低テストステロン・センターにおいてスクリーニングされた34,016例の結果を報告する。 このうち約50%が治療を変更している。 テストステロン注射による治療が行われた2009年から2014年のデータを利用した。 米国の35の低テストステロン・センターの電子健康記録(AdvancedMD)よりデータを抽出した。 E2は電子化学蛍光免疫法にて測定した。
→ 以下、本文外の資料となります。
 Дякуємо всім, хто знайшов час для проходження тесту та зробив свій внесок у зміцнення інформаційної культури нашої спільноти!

■ 結果
- 全体の34,016例中 7,215例 (20.2%)が≥42.6 pg/mlと定義した高E2であった。
- 高E2の男性の年齢分布は65歳以上132/989 (13.3%)、45-65歳3,753/16,955 (22.1%) 、25-44歳2,968/15,857 (18.7%) 、25歳以下 7/215 (3.3%) であった。
- 最高および最低年齢群間(<25 and ≥65)の差異は有意であった(chi-square test p = .013)。
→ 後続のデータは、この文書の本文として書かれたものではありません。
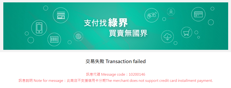 錯誤代碼:10200146 此商店不支援信用卡分期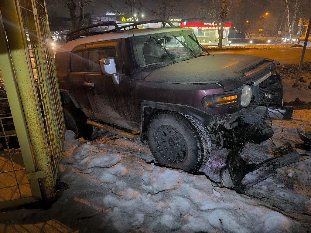В Уссурийске на улице Агеева нашли поврежденный внедорожник Toyota FJ Cruiser и поваленное дерево. Водителя на месте не оказалось — он скрылся после ДТП.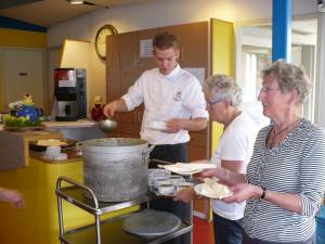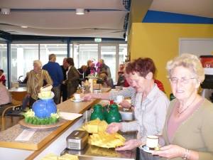 De vrijwilligers liepen zich weer de benen onder het lijf vandaan om de door vele sponsoren geschonken heerlijkheden uit te serveren.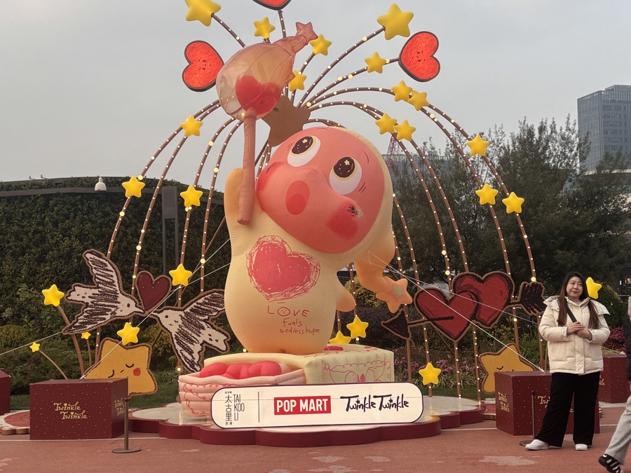 BFC荟萃泡泡玛特推出“新春游园会”,图为MOLLY“舞饱读生财”安装。李昂 摄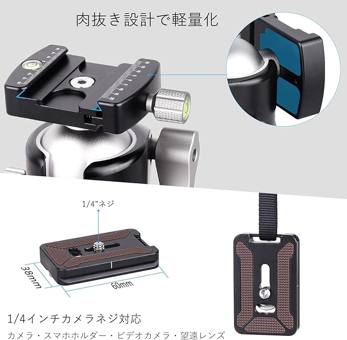【Arca-Swiss互換・高い汎用性】Arca-Swiss規格のクイックリリースプレートに対応。上部1/4インチネジ、底部3/8インチネジ穴で、ほとんどのカメラ・三脚に対応します。

- 年齢に対する血清E2の相関係数は.53, SD = 8.21であった。
- 医師は血清E2レベルに関わりなく高E2の症状に対してアロマターゼ阻害剤および選択的エストロゲン・モデュレーターを用いた。 まれに女性化乳房が処方の理由であった。
■ 結論
高E2は低リビドーの高率発症と関連していなかった。 しかし確認された低リビドーは正常あるいは低E2に比して高率で、その差異は有意であった(p < .05)。■ 原著
Am J Mens Health. 2014 Jun 13.
High Estrogen in Men After Injectable Testosterone Therapy: The Low T Experience.